Bu durumda, ... Tıp Fakültesi Adli Tıp Ana Bilim Dalı Başkanlığı tarafından düzenlenen 09/02/2016 tarihli bilirkişi raporu ile Adli Tıp Kurumu 4. Adli Tıp İhtisas Kurulu tarafından düzenlenen 22/12/2014 tarihli bilirkişi raporunun birbiri ile çelişkili olduğu anlaşılmıştır.
Hukuki işlemlerde, tarafların fiil ehliyeti kamu düzenine ilişkin olup, anılan hususun mahkemece re"sen dikkate alınması zorunludur.
O halde mahkemece, mevcut bilirkişi raporları arasındaki çelişkileri gidermek üzere, bilirkişi raporları, tüm tedavi ve hasta takip evrakları; bilirkişi raporlarını düzenleyen kurullar dışında bir bilirkişi kuruluna veya tam teşekküllü bir devlet hastanesine gönderilip, ..."ın, ipotek tarihleri itibariyle fiil ehliyetinin bulunup bulunmadığı belirlenerek sonucuna göre karar verilmesi gerekirken, eksik inceleme ile yazılı şekilde hüküm tesisi isabetsizdir.

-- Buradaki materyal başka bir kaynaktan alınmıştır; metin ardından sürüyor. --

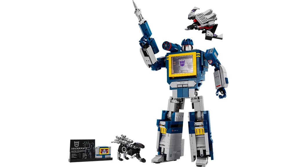 Familiile își pot expune propria creație Decepticon împreună cu o placă de prezentare atașată, pe care sunt vizibile statisticile puterii lui Soundwave. Soundwave se alătură deja seriei existente LEGO Icons Transformers, care în prezent include și modelele Optimus Prime și Bumblebee. Această colecție specială oferă posibilitatea fanilor să își construiască și să își prezinte acasă personajele preferate, în timp ce descoperă abilitățile și poveștile personajelor iconice din universul Transformers. Datorită detaliilor elaborate și elementelor de calitate, aceste modele nu sunt doar excelente pentru joacă, ci și pentru decor, oferind astfel o adevărată experiență pentru fiecare fan.
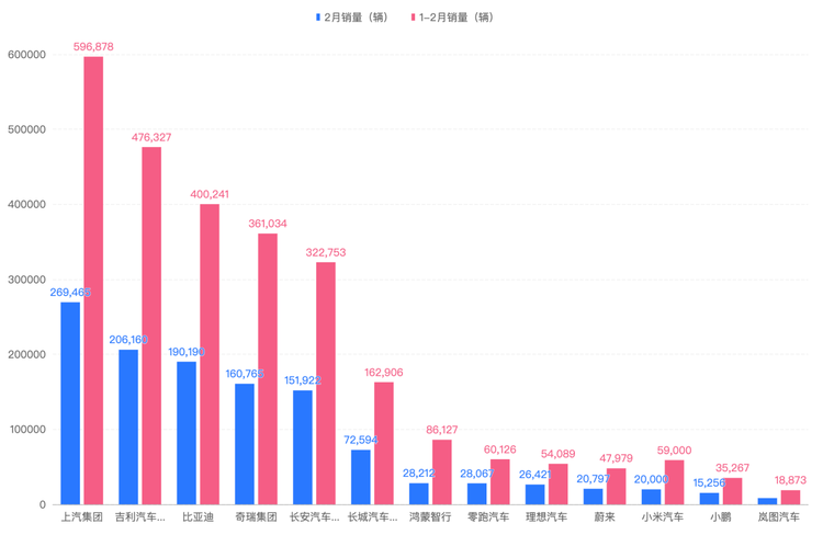 各车企的2月销量表现,先抛结论:
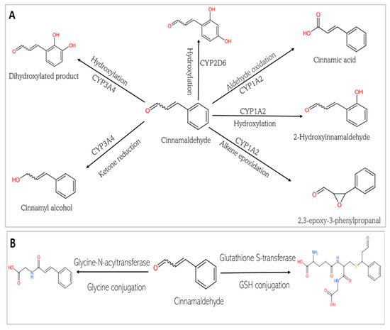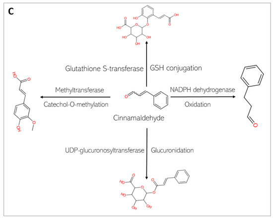 Phase I and Phase II metabolism of cinnamaldehyde by conjugation enzymes. (A) Phase I metabolism of cinnamaldehyde by cytochrome P 450. (B) Phase II metabolism of cinnamaldehyde by conjugation enzymes. (C) Phase II metabolism of cinnamaldehyde by human gut microbiota enzymes.
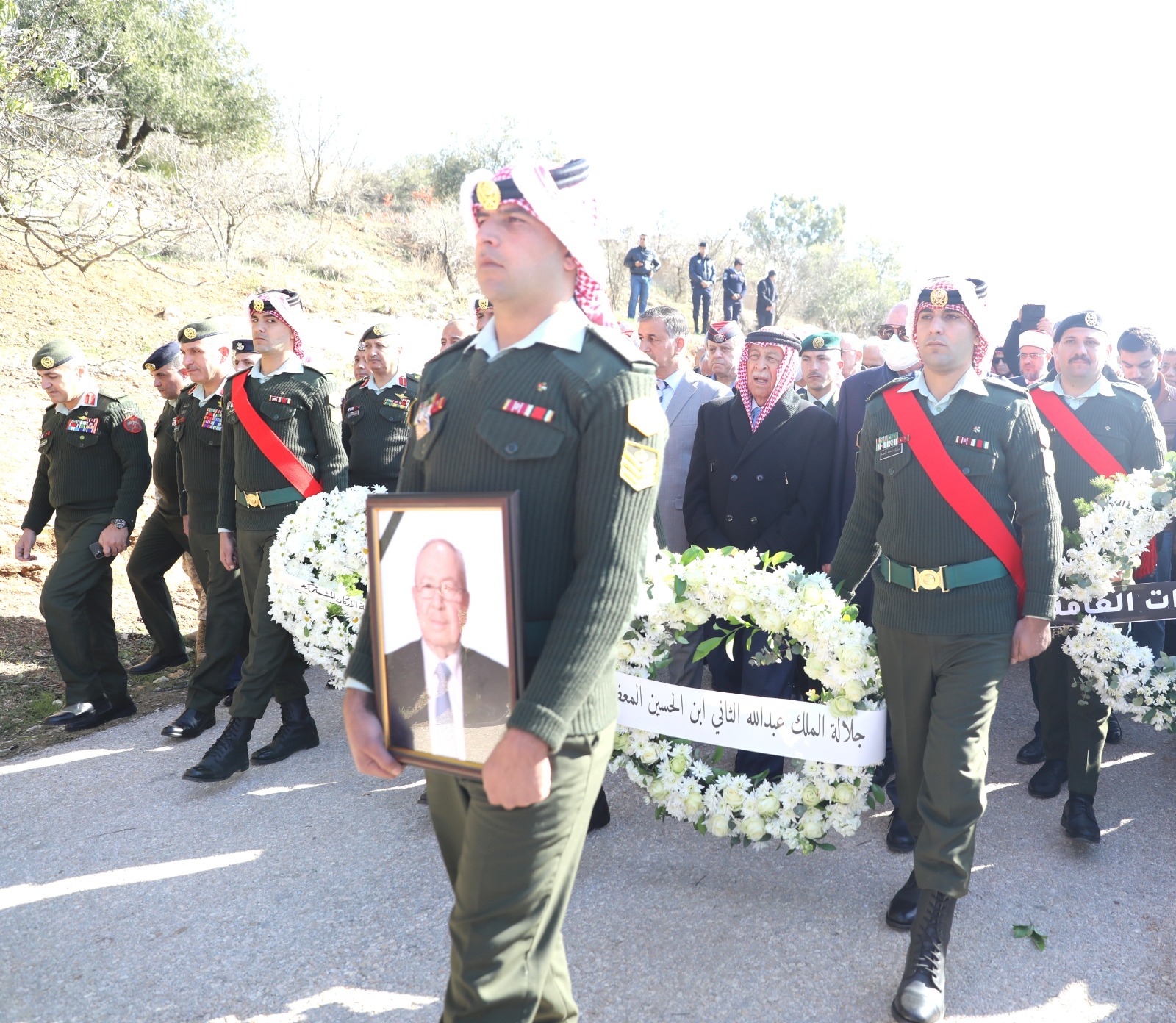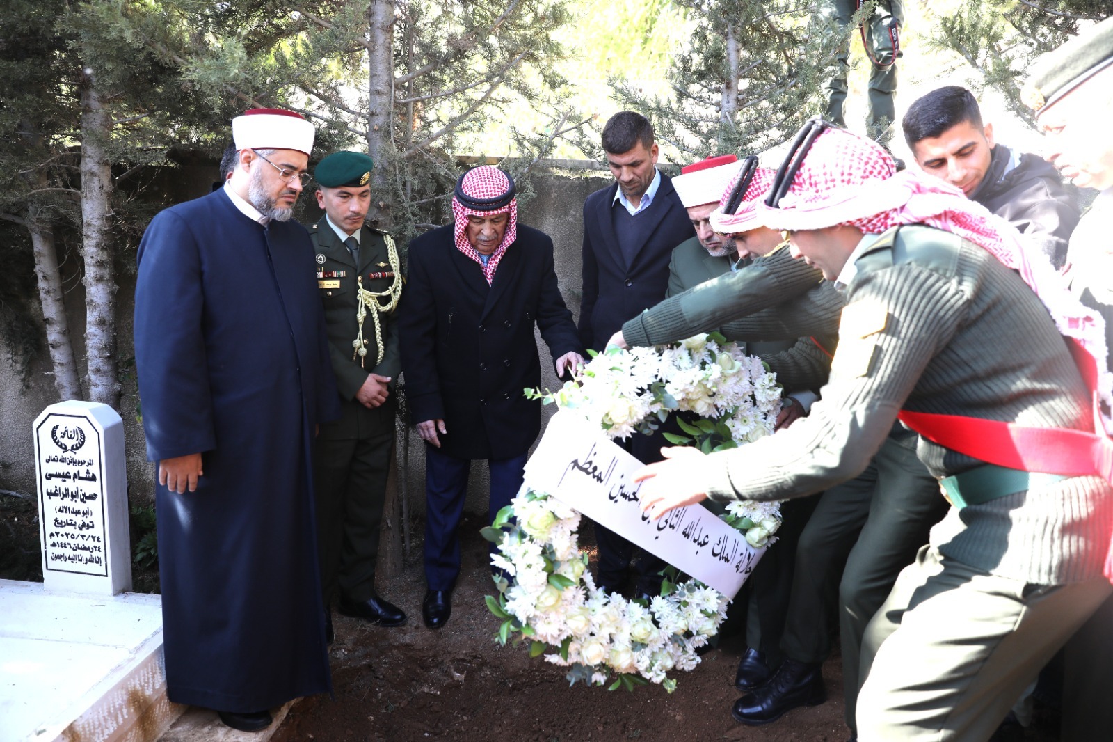 ونقل العيسوي، خلال مشاركته في مراسم التشييع، تعازي ومواساة جلالة الملك وسمو ولي العهد إلى ذوي الفقيد، وإلى عموم عشيرة أبو الراغب، سائلًا المولى عز وجل أن يتغمده بواسع رحمته، وأن يلهم أهله وذويه ومحبيه جميل الصبر وحسن العزاء.

SONUÇ : Borçlu vasisinin temyiz itirazlarının kabulü ile mahkeme kararının yukarıda yazılı nedenlerle İİK"nun 366 ve HUMK’nun 428. maddeleri uyarınca (BOZULMASINA), peşin alınan harcın istek halinde iadesine, ilamın tebliğinden itibaren 10 gün içinde karar düzeltme yolu açık olmak üzere, 16.03.2017 gününde oybirliğiyle karar verildi.